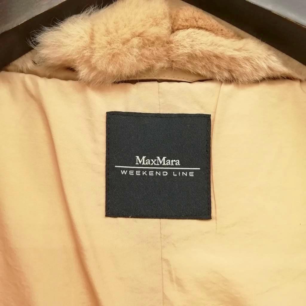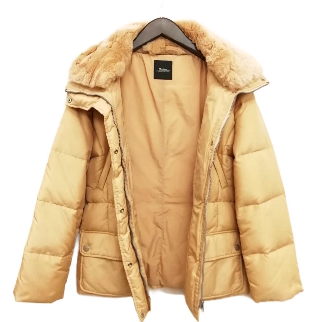 マックスマーラ ウィークエンドライン MAX MARA WEEKEND LINE ラビットファー付 ダウン ジャケット コート ベルト欠損 44 ベージュ系 レディース
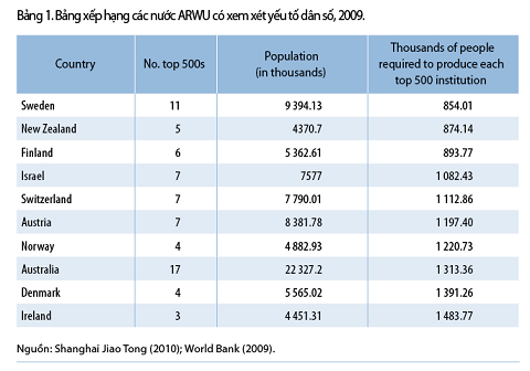 Thật đáng ngạc nhiên, Nhật Bản là quốc gia châu Á duy nhất có mặt trong bảng xếp hạng ARWU, trong khi 6 trường ĐH Châu Á khác bên cạnh Nhật Bản lại có mặt trong bảng xếp hạng THE, và những nước hay vùng lãnh thổ này, vốn được gọi là “con cọp châu Á” (Hong Kong, Singapore, South Korea, Taiwan) thường được xem là những nền kinh tế năng động bậc nhất trên thế giới. Thêm nữa, nếu tính số trường “đẳng cấp thế giới” trong tương quan với dân số của quốc gia, sẽ thấy rằng một số nền kinh tế năng động đang đạt được những kết quả rất tốt dù họ không có nhiều trường trong top 500 trên thế giới, như Bảng 1 dưới đây. Bảng này cũng cho thấy một số nước có hiệu quả hơn so với nước khác trong việc tạo ra những trường lọt top 500. Ví dụ, Phần Lan, New Zealand và Thụy Điển có số trường được lọt vào bảng xếp hạng tính bình quân trên số dân cao hơn so với các nước khác.
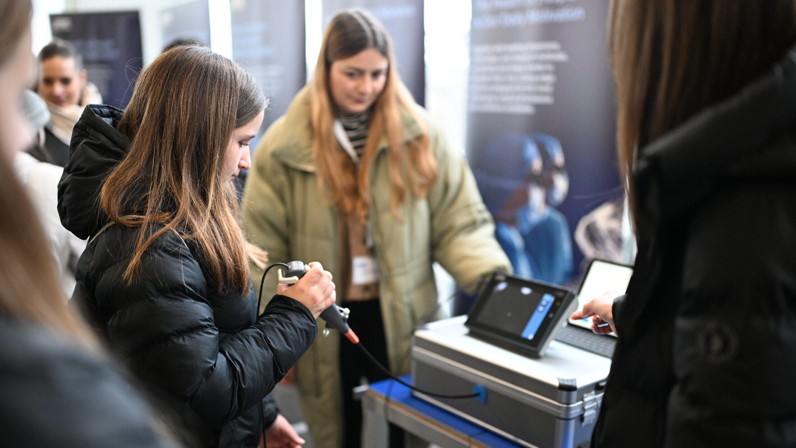 Ab 14 Uhr tauchten die Jugendlichen beim SCHOOLS DAY in einen interaktiven Medizintechnik-Parcours ein, bei dem sie selbst Hand anlegen durften: Erste „Operationsversuche“ mit Endoskopen, spannende Einblicke in Ausbildungsberufe sowie duale Studiengänge bei KARL STORZ und jede Menge Medizintechnik zum Ausprobieren sorgten für Staunen und Begeisterung. Darüber hinaus ging es aufs Eis – zumindest theoretisch: Die Schülerinnen und Schüler lernten die Ausrüstung kennen, absolvierten einen Slalom und erhielten wertvolle Tipps vom früheren Eishockeyprofi Wayne Hynes, der erneut als Mentor mit dabei war.
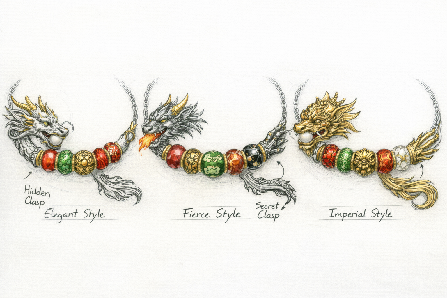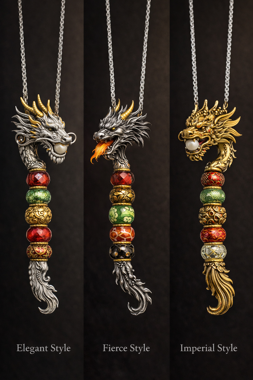 The dragon’s body is open, allowing up to 6 beads to sit between the head and tail, similar in spirit to the Guardian of Love fantasy necklace—but distinctly Eastern in form and meaning.
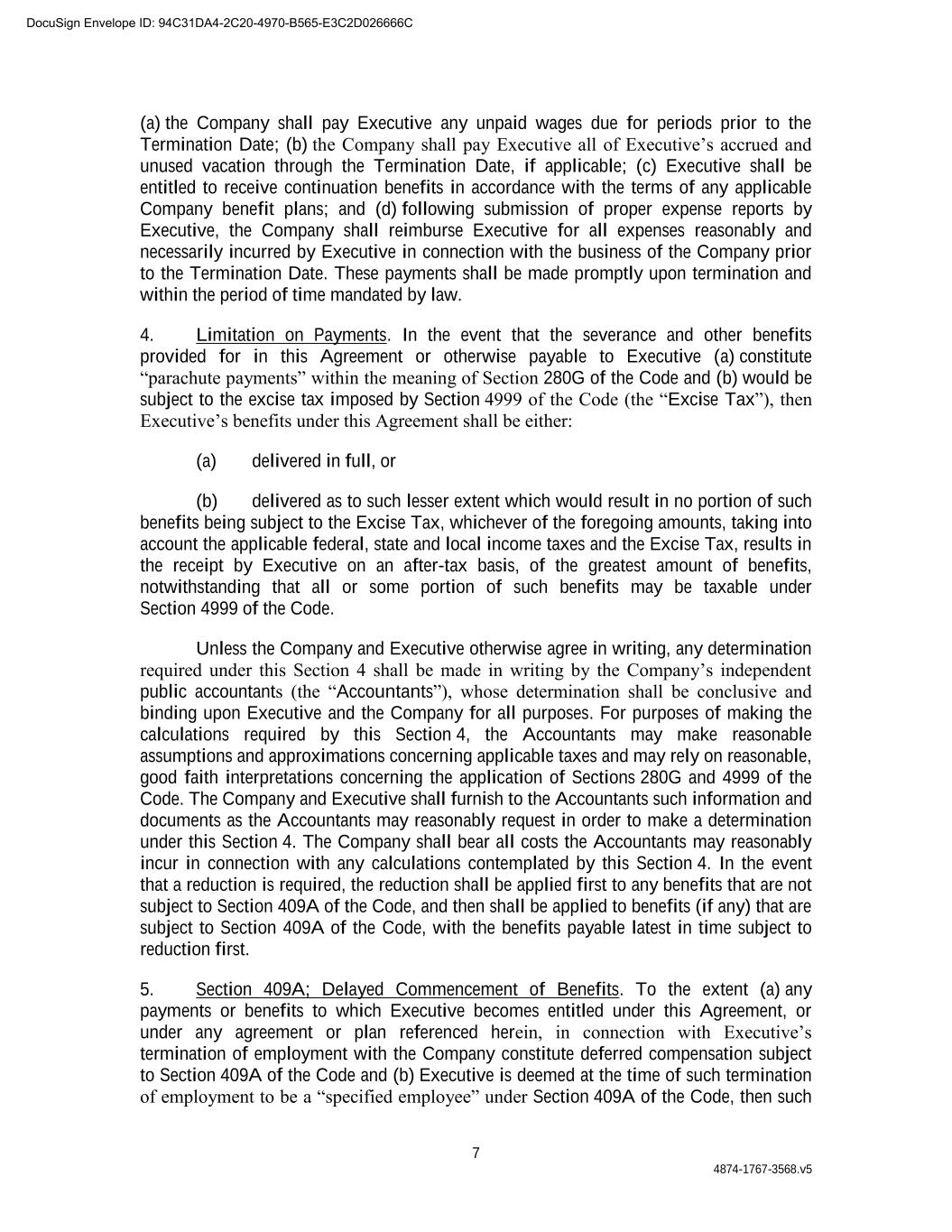 7 4874-1767-3568.v5 (a) the Company shall pay Executive any unpaid wages due for periods prior to the Termination Date; (b) the Company shall pay Executive all of Executive’s accrued and unused vacation through the Termination Date, if applicable; (c) Executive shall be entitled to receive continuation benefits in accordance with the terms of any applicable Company benefit plans; and (d) following submission of proper expense reports by Executive, the Company shall reimburse Executive for all expenses reasonably and necessarily incurred by Executive in connection with the business of the Company prior to the Termination Date. These payments shall be made promptly upon termination and within the period of time mandated by law. 4. Limitation on Payments. In the event that the severance and other benefits provided for in this Agreement or otherwise payable to Executive (a) constitute “parachute payments” within the meaning of Section 280G of the Code and (b) would be subject to the excise tax imposed by Section 4999 of the Code (the “Excise Tax”), then Executive’s benefits under this Agreement shall be either: (a) delivered in full, or (b) delivered as to such lesser extent which would result in no portion of such benefits being subject to the Excise Tax, whichever of the foregoing amounts, taking into account the applicable federal, state and local income taxes and the Excise Tax, results in the receipt by Executive on an after-tax basis, of the greatest amount of benefits, notwithstanding that all or some portion of such benefits may be taxable under Section 4999 of the Code. Unless the Company and Executive otherwise agree in writing, any determination required under this Section 4 shall be made in writing by the Company’s independent public accountants (the “Accountants”), whose determination shall be conclusive and binding upon Executive and the Company for all purposes. For purposes of making the calculations required by this Section 4, the Accountants may make reasonable assumptions and approximations concerning applicable taxes and may rely on reasonable, good faith interpretations concerning the application of Sections 280G and 4999 of the Code. The Company and Executive shall furnish to the Accountants such information and documents as the Accountants may reasonably request in order to make a determination under this Section 4. The Company shall bear all costs the Accountants may reasonably incur in connection with any calculations contemplated by this Section 4. In the event that a reduction is required, the reduction shall be applied first to any benefits that are not subject to Section 409A of the Code, and then shall be applied to benefits (if any) that are subject to Section 409A of the Code, with the benefits payable latest in time subject to reduction first. 5. Section 409A; Delayed Commencement of Benefits. To the extent (a) any payments or benefits to which Executive becomes entitled under this Agreement, or under any agreement or plan referenced herein, in connection with Executive’s termination of employment with the Company constitute deferred compensation subject to Section 409A of the Code and (b) Executive is deemed at the time of such termination of employment to be a “specified employee” under Section 409A of the Code, then such DocuSign Envelope ID: 94C31DA4-2C20-4970-B565-E3C2D026666C

+ + + + +

*Exercise objective:*
Give every line of the listing above again, exactly, with no images.

*Your solution:*
 マックスマーラ ウィークエンドライン MAX MARA WEEKEND LINE ラビットファー付 ダウン ジャケット コート ベルト欠損 44 ベージュ系 レディース
 Thật đáng ngạc nhiên, Nhật Bản là quốc gia châu Á duy nhất có mặt trong bảng xếp hạng ARWU, trong khi 6 trường ĐH Châu Á khác bên cạnh Nhật Bản lại có mặt trong bảng xếp hạng THE, và những nước hay vùng lãnh thổ này, vốn được gọi là “con cọp châu Á” (Hong Kong, Singapore, South Korea, Taiwan) thường được xem là những nền kinh tế năng động bậc nhất trên thế giới. Thêm nữa, nếu tính số trường “đẳng cấp thế giới” trong tương quan với dân số của quốc gia, sẽ thấy rằng một số nền kinh tế năng động đang đạt được những kết quả rất tốt dù họ không có nhiều trường trong top 500 trên thế giới, như Bảng 1 dưới đây. Bảng này cũng cho thấy một số nước có hiệu quả hơn so với nước khác trong việc tạo ra những trường lọt top 500. Ví dụ, Phần Lan, New Zealand và Thụy Điển có số trường được lọt vào bảng xếp hạng tính bình quân trên số dân cao hơn so với các nước khác.
 Ab 14 Uhr tauchten die Jugendlichen beim SCHOOLS DAY in einen interaktiven Medizintechnik-Parcours ein, bei dem sie selbst Hand anlegen durften: Erste „Operationsversuche“ mit Endoskopen, spannende Einblicke in Ausbildungsberufe sowie duale Studiengänge bei KARL STORZ und jede Menge Medizintechnik zum Ausprobieren sorgten für Staunen und Begeisterung. Darüber hinaus ging es aufs Eis – zumindest theoretisch: Die Schülerinnen und Schüler lernten die Ausrüstung kennen, absolvierten einen Slalom und erhielten wertvolle Tipps vom früheren Eishockeyprofi Wayne Hynes, der erneut als Mentor mit dabei war.
 The dragon’s body is open, allowing up to 6 beads to sit between the head and tail, similar in spirit to the Guardian of Love fantasy necklace—but distinctly Eastern in form and meaning.
 7 4874-1767-3568.v5 (a) the Company shall pay Executive any unpaid wages due for periods prior to the Termination Date; (b) the Company shall pay Executive all of Executive’s accrued and unused vacation through the Termination Date, if applicable; (c) Executive shall be entitled to receive continuation benefits in accordance with the terms of any applicable Company benefit plans; and (d) following submission of proper expense reports by Executive, the Company shall reimburse Executive for all expenses reasonably and necessarily incurred by Executive in connection with the business of the Company prior to the Termination Date. These payments shall be made promptly upon termination and within the period of time mandated by law. 4. Limitation on Payments. In the event that the severance and other benefits provided for in this Agreement or otherwise payable to Executive (a) constitute “parachute payments” within the meaning of Section 280G of the Code and (b) would be subject to the excise tax imposed by Section 4999 of the Code (the “Excise Tax”), then Executive’s benefits under this Agreement shall be either: (a) delivered in full, or (b) delivered as to such lesser extent which would result in no portion of such benefits being subject to the Excise Tax, whichever of the foregoing amounts, taking into account the applicable federal, state and local income taxes and the Excise Tax, results in the receipt by Executive on an after-tax basis, of the greatest amount of benefits, notwithstanding that all or some portion of such benefits may be taxable under Section 4999 of the Code. Unless the Company and Executive otherwise agree in writing, any determination required under this Section 4 shall be made in writing by the Company’s independent public accountants (the “Accountants”), whose determination shall be conclusive and binding upon Executive and the Company for all purposes. For purposes of making the calculations required by this Section 4, the Accountants may make reasonable assumptions and approximations concerning applicable taxes and may rely on reasonable, good faith interpretations concerning the application of Sections 280G and 4999 of the Code. The Company and Executive shall furnish to the Accountants such information and documents as the Accountants may reasonably request in order to make a determination under this Section 4. The Company shall bear all costs the Accountants may reasonably incur in connection with any calculations contemplated by this Section 4. In the event that a reduction is required, the reduction shall be applied first to any benefits that are not subject to Section 409A of the Code, and then shall be applied to benefits (if any) that are subject to Section 409A of the Code, with the benefits payable latest in time subject to reduction first. 5. Section 409A; Delayed Commencement of Benefits. To the extent (a) any payments or benefits to which Executive becomes entitled under this Agreement, or under any agreement or plan referenced herein, in connection with Executive’s termination of employment with the Company constitute deferred compensation subject to Section 409A of the Code and (b) Executive is deemed at the time of such termination of employment to be a “specified employee” under Section 409A of the Code, then such DocuSign Envelope ID: 94C31DA4-2C20-4970-B565-E3C2D026666C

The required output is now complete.